Assuming the 90 days trading horizon Chinese Maritime Transport is expected to generate 0.76 times more return on investment than Green World. However, Chinese Maritime Transport is 1.31 times less risky than Green World. It trades about 0.12 of its potential returns per unit of risk. Green World Fintech is currently generating about 0.0 per unit of risk. If you would invest  4,080  in Chinese Maritime Transport on December 28, 2024 and sell it today you would earn a total of  545.00  from holding Chinese Maritime Transport or generate 13.36% return on investment over 90 days.
Time Period3 Months [change]
DirectionMoves Together 
StrengthVery Weak
Accuracy100.0%
ValuesDaily Returns

Chinese Maritime Transport  vs.  Green World Fintech

 Performance 
       Timeline  
Chinese Maritime Tra 

Risk-Adjusted Performance

OK

 
Weak
 
Strong
Compared to the overall equity markets, risk-adjusted returns on investments in Chinese Maritime Transport are ranked lower than 9 (%) of all global equities and portfolios over the last 90 days.

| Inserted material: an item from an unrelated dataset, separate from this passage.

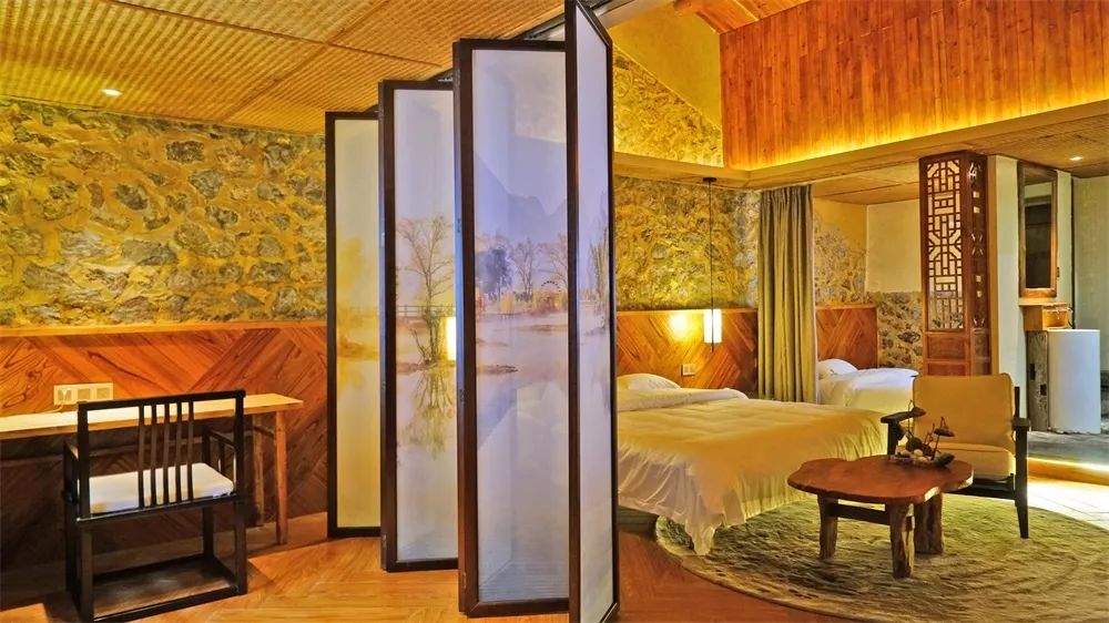 住在鹅泉民宿,感受壮族人民的建筑智慧。将岩石砌成墙,别出心裁的房间设计,以“山重水复疑无路,柳暗花明又一村”的豁然开朗带给入住者不一样的体验。

In spite of fairly abnormal basic indicators, Chinese Maritime showed solid returns over the last few months and may actually be approaching a breakup point.
Green World Fintech 

Risk-Adjusted Performance

Weak

 
Weak
 
Strong
Over the last 90 days Green World Fintech has generated negative risk-adjusted returns adding no value to investors with long positions. In spite of fairly stable basic indicators, Green World is not utilizing all of its potentials. The latest stock price fuss, may contribute to near-short-term losses for the sophisticated investors.

Chinese Maritime and Green World Volatility Contrast

   Predicted Return Density   
       Returns  

Pair Trading with Chinese Maritime and Green World

The main advantage of trading using opposite Chinese Maritime and Green World positions is that it hedges away some unsystematic risk. Because of two separate transactions, even if Chinese Maritime position performs unexpectedly, Green World can make up some of the losses. Pair trading also minimizes risk from directional movements in the market. For example, if an entire industry or sector drops because of unexpected headlines, the short position in Green World will offset losses from the drop in Green World's long position.
The idea behind Chinese Maritime Transport and Green World Fintech pairs trading is to make the combined position market-neutral, meaning the overall market's direction will not affect its win or loss (or potential downside or upside). This can be achieved by designing a pairs trade with two highly correlated stocks or equities that operate in a similar space or sector, making it possible to obtain profits through simple and relatively low-risk investment.
Check out your portfolio center.
Note that this page's information should be used as a complementary analysis to find the right mix of equity instruments to add to your existing portfolios or create a brand new portfolio. You can also try the Equity Analysis module to research over 250,000 global equities including funds, stocks and ETFs to find investment opportunities.